_DATASET EXCERPT_
————————

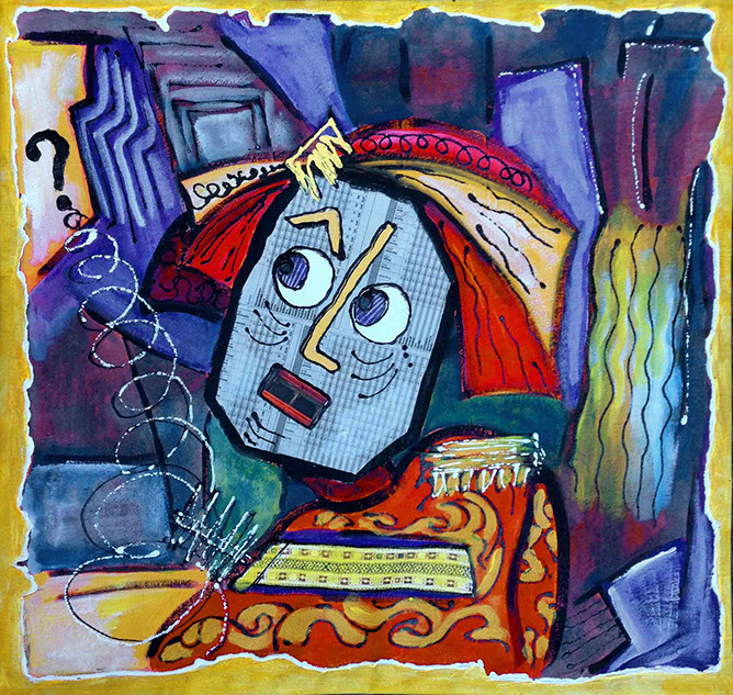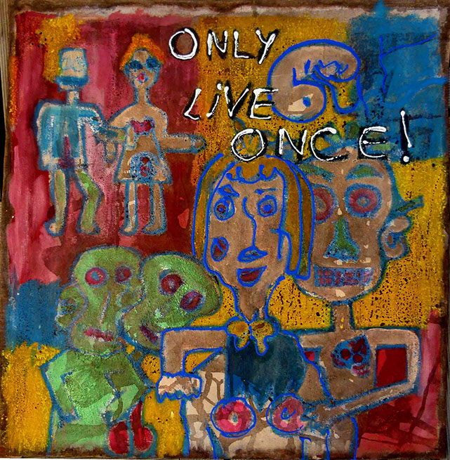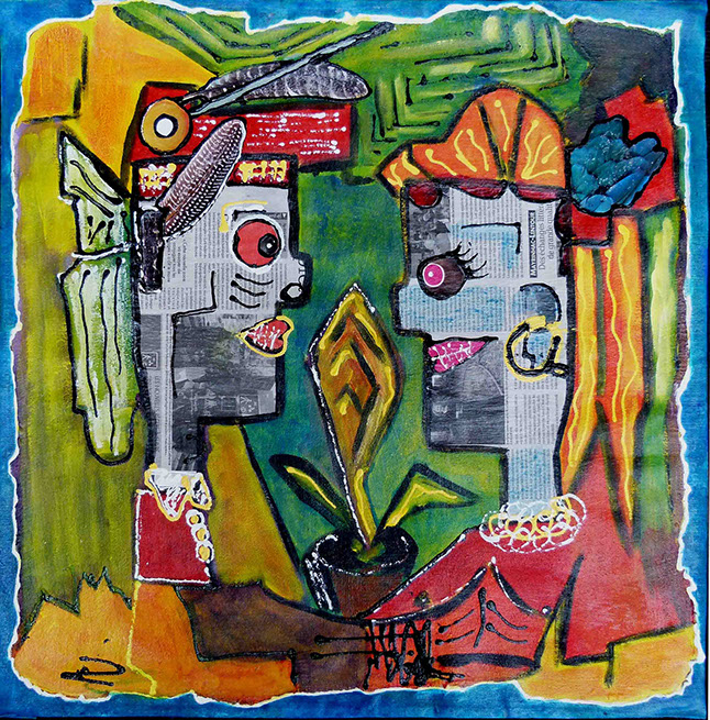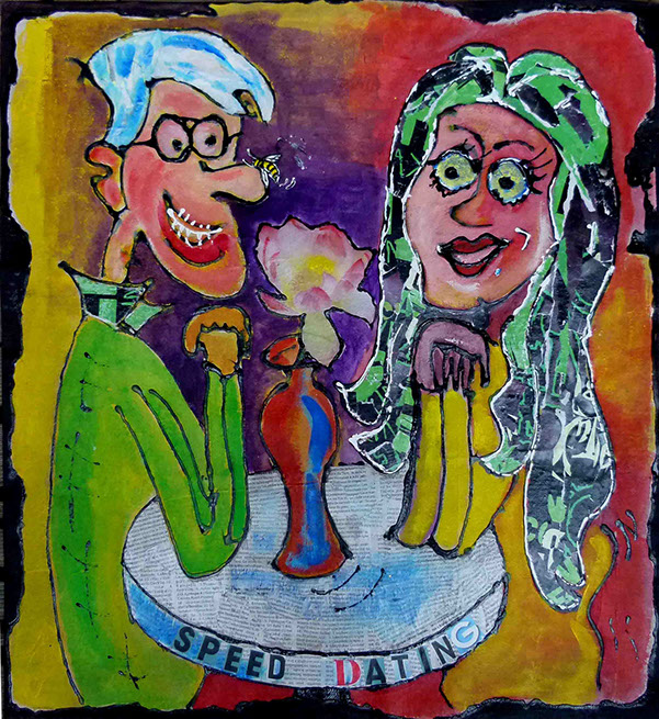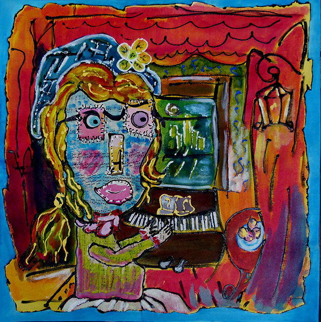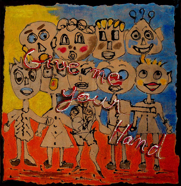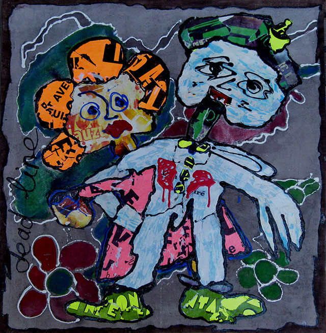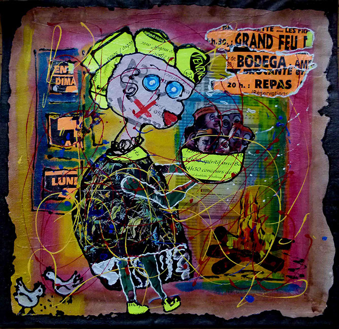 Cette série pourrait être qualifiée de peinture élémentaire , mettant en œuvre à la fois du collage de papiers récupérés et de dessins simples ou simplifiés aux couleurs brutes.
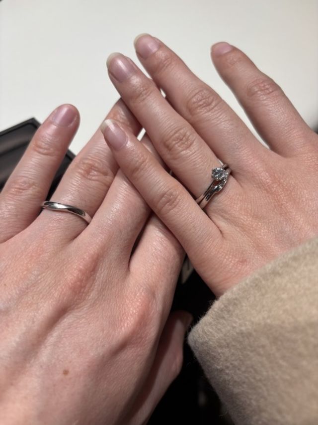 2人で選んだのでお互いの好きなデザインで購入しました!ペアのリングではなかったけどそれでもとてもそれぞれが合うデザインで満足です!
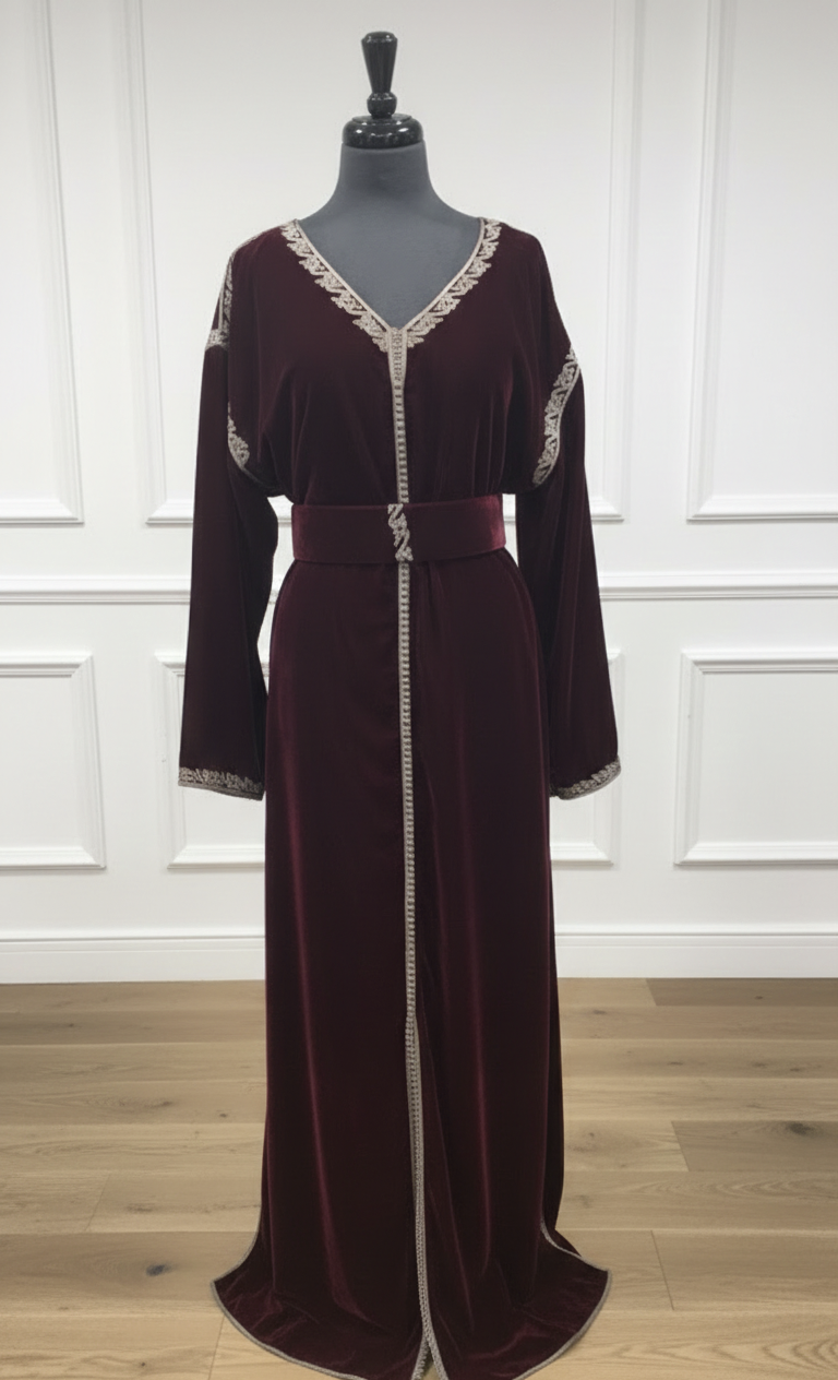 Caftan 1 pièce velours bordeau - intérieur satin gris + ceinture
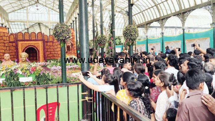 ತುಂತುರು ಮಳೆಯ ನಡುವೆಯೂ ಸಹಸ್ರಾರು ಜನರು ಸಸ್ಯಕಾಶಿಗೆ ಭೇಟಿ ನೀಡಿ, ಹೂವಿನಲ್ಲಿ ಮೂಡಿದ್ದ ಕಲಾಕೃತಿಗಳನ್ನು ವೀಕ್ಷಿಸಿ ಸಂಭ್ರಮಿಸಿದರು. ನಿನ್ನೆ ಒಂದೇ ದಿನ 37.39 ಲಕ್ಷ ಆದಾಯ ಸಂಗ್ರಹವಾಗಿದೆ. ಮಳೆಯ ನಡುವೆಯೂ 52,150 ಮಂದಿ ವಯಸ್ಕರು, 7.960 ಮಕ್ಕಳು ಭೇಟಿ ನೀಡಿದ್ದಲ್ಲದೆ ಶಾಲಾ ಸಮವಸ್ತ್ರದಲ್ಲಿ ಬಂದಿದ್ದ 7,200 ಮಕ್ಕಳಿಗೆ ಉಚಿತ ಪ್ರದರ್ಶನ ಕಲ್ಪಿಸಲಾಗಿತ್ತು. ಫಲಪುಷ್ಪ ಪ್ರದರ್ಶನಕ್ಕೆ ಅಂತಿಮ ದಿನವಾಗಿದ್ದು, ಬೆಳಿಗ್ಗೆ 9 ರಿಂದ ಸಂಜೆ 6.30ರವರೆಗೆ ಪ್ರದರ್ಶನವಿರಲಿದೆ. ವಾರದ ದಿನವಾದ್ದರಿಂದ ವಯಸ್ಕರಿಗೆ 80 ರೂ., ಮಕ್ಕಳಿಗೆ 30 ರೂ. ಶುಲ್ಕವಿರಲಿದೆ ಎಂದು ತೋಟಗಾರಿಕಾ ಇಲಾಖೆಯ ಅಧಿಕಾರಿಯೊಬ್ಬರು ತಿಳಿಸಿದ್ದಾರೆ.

————————

_GOAL OF THE EXERCISE_
Print the lines from the line with "Caftan 1 pièce" to the end of the data above. Include both ends, exclude the pictures, and add nothing else.

_YOUR SOLUTION_
 Caftan 1 pièce velours bordeau - intérieur satin gris + ceinture
 ತುಂತುರು ಮಳೆಯ ನಡುವೆಯೂ ಸಹಸ್ರಾರು ಜನರು ಸಸ್ಯಕಾಶಿಗೆ ಭೇಟಿ ನೀಡಿ, ಹೂವಿನಲ್ಲಿ ಮೂಡಿದ್ದ ಕಲಾಕೃತಿಗಳನ್ನು ವೀಕ್ಷಿಸಿ ಸಂಭ್ರಮಿಸಿದರು. ನಿನ್ನೆ ಒಂದೇ ದಿನ 37.39 ಲಕ್ಷ ಆದಾಯ ಸಂಗ್ರಹವಾಗಿದೆ. ಮಳೆಯ ನಡುವೆಯೂ 52,150 ಮಂದಿ ವಯಸ್ಕರು, 7.960 ಮಕ್ಕಳು ಭೇಟಿ ನೀಡಿದ್ದಲ್ಲದೆ ಶಾಲಾ ಸಮವಸ್ತ್ರದಲ್ಲಿ ಬಂದಿದ್ದ 7,200 ಮಕ್ಕಳಿಗೆ ಉಚಿತ ಪ್ರದರ್ಶನ ಕಲ್ಪಿಸಲಾಗಿತ್ತು. ಫಲಪುಷ್ಪ ಪ್ರದರ್ಶನಕ್ಕೆ ಅಂತಿಮ ದಿನವಾಗಿದ್ದು, ಬೆಳಿಗ್ಗೆ 9 ರಿಂದ ಸಂಜೆ 6.30ರವರೆಗೆ ಪ್ರದರ್ಶನವಿರಲಿದೆ. ವಾರದ ದಿನವಾದ್ದರಿಂದ ವಯಸ್ಕರಿಗೆ 80 ರೂ., ಮಕ್ಕಳಿಗೆ 30 ರೂ. ಶುಲ್ಕವಿರಲಿದೆ ಎಂದು ತೋಟಗಾರಿಕಾ ಇಲಾಖೆಯ ಅಧಿಕಾರಿಯೊಬ್ಬರು ತಿಳಿಸಿದ್ದಾರೆ.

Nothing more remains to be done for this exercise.